Помолчали. Вадик рассматривал свои восхитительные ярко-красные башмаки.
— Я тебе, Алексеич, не помогаю, скажи?! Все, что тебе надо, в клюве несу. А сегодня — один сказ. Я хевру сдавать не буду.
— Хевра-то, по меховому делу?
— По меховому или еще по какому, мне что за дело. Знаю, собиралось правило, и все.
— Правило это убийство определило, Вадик.
— Поэтому я и кончик тебе дал.
— Кончик ты мне дал не поэтому, — грубо возразил Ларионов, — ты у меня на крючке. Не забывай.
— У тебя забудешь! — в злобном восхищении отметил Вадик.
— Давай подробности, — потребовал Ларионов.

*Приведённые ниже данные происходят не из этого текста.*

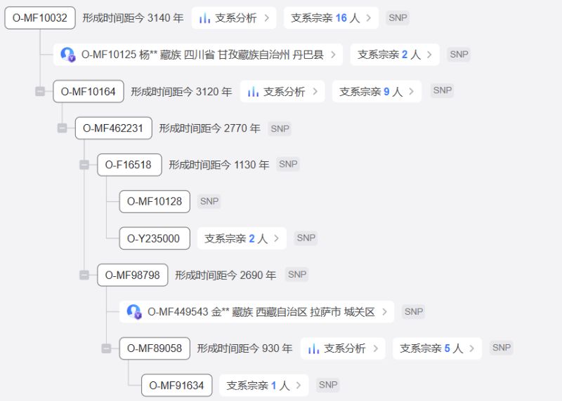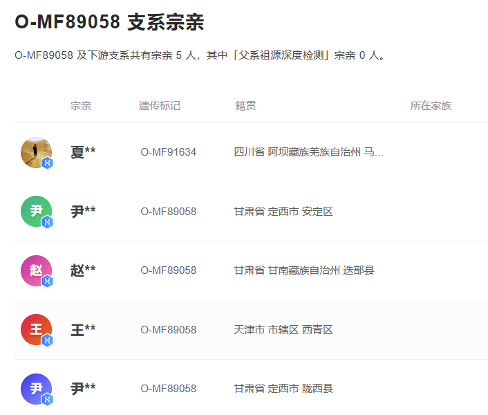 疑似唃厮啰赞普家族支系上目前下沉样本五人,共祖在北宋,其中马尔康样本夏多泽让据称家族出自悉补野赞普具体谱系未详,迭部杨姓藏族为赵醇忠后裔岷州赵土司家族入赘卓尼杨土司家族,定西尹姓样本为瞎毡、木征家族留在榆中的后裔,天津样本可能和元代临洮赵氏加入元军为达鲁花赤驻扎华北有关,目前仍有大量样本在上游未下沉,赞普家族生物学后代可能比想象中多。
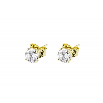 You can never go wrong with solitaire studs! The beauty of cubic zirconium's is that they are perfect everyday and travel jewelry. Leave the real at home and travel with this stress free pair! Round cut simulated diamonds are set in .925 sterling silver. Around .5 carats each. 18k gold plated. Looks great along side P20576G!
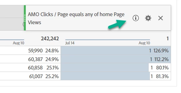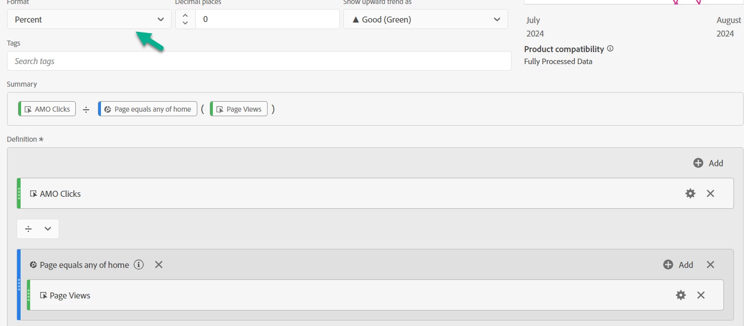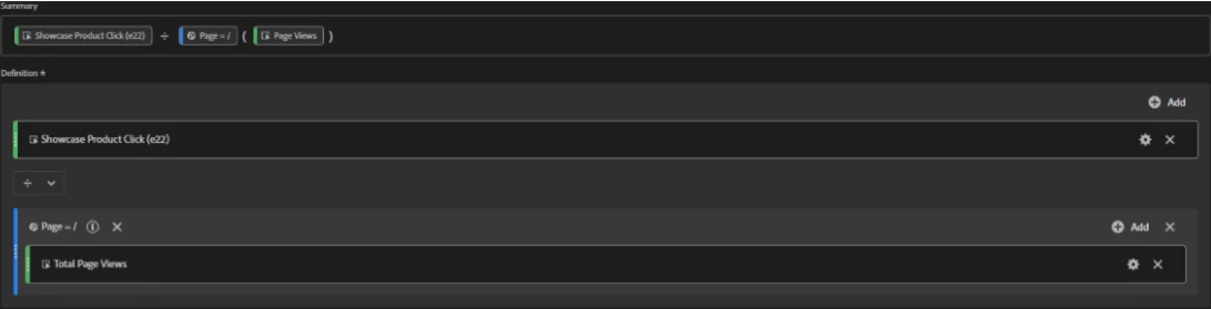 The metric we're trying to build would be calculated considering total page views where page equals '/' as denominator, and not page views that are persisted after the Showcase Product (v9) metric is registered, which is the value considered when I'm building the calculated metric:
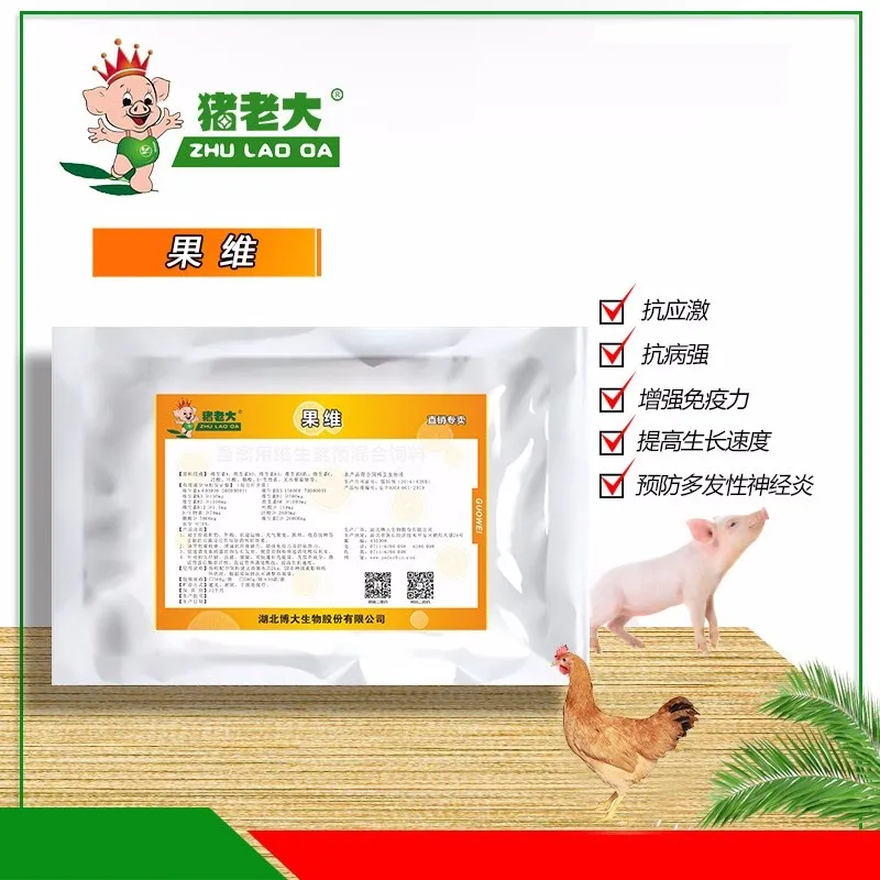 【豬老大】果維 適用于夏季 抗應(yīng)激 補(bǔ)充能量 豬禽用維生素飼料添加劑500g

— А вот чего не знаю, того не знаю! — обрадовался возможности огорчить оперативника уголовник.
— Ох, смотри, доиграешься ты со мной!
— Я все сказал, начальник. Отпусти.
— Гуляй, Вадик, но помни: каждый четверг я в баре.
— Господи! — обреченно вздохнул Клок и неожиданно вспомнил: «И каждый вечер, в час назначенный, иль это только снится мне?»
— Не снится, — заверил его Ларионов.
А Смирнов решил навестить Костю Крюкова, благо, жили в одном доме.
VПрямо с работы, не заходя к себе, Александр ткнулся в шестую дверь налево.
Константин был занят: из рук кормил огромного голубя-почтаря. Почтарь клевал из Костиной ладони с необыкновенной быстротой и жадностью.
— Ты что птицу портишь? — с порога удивился Смирнов.
— Да он порченый, — с досадой пояснил Константин. — Я его в Серпухове в воскресенье кинул, а он на Масловке сел. Посадил его Данилыч, деляга старый. Почтарь называется! Правда, вчера сам от Данилыча ушел, но какой он теперь почтарь — с посадкой!
— За это ты его теперь из рук кормишь?
— Умные люди посоветовали напоить его, заразу, в усмерть, чтобы память отшибло, чтобы забыл, как садился. Зерно на водке настоял и кормлю. Ну, алкаш! Ну, пропойца! Видишь, как засаживает?
Почтарь гулял вовсю. Кидал в себя зерно за зерном, рюмку, так сказать, за рюмкой.
— Пожалуй, хватит ему, Костя. Видишь, он уже и глаз закатил.
— Пусть нажрется как следует.
Когда почтарь нажрался как следует, они отправились в голубятню. Та была гордостью Мало-Коптевского. Обитая оцинкованным железом, весело раскрашенная двухэтажная башня с затянутым сеткой верхом — голубиным солярием — была вторым домом Константина. Он зажег свет, поднялся по лесенке наверх и осторожно поместил почтаря к сородичам. Почтарь малость постоял на ногах и рухнул набок.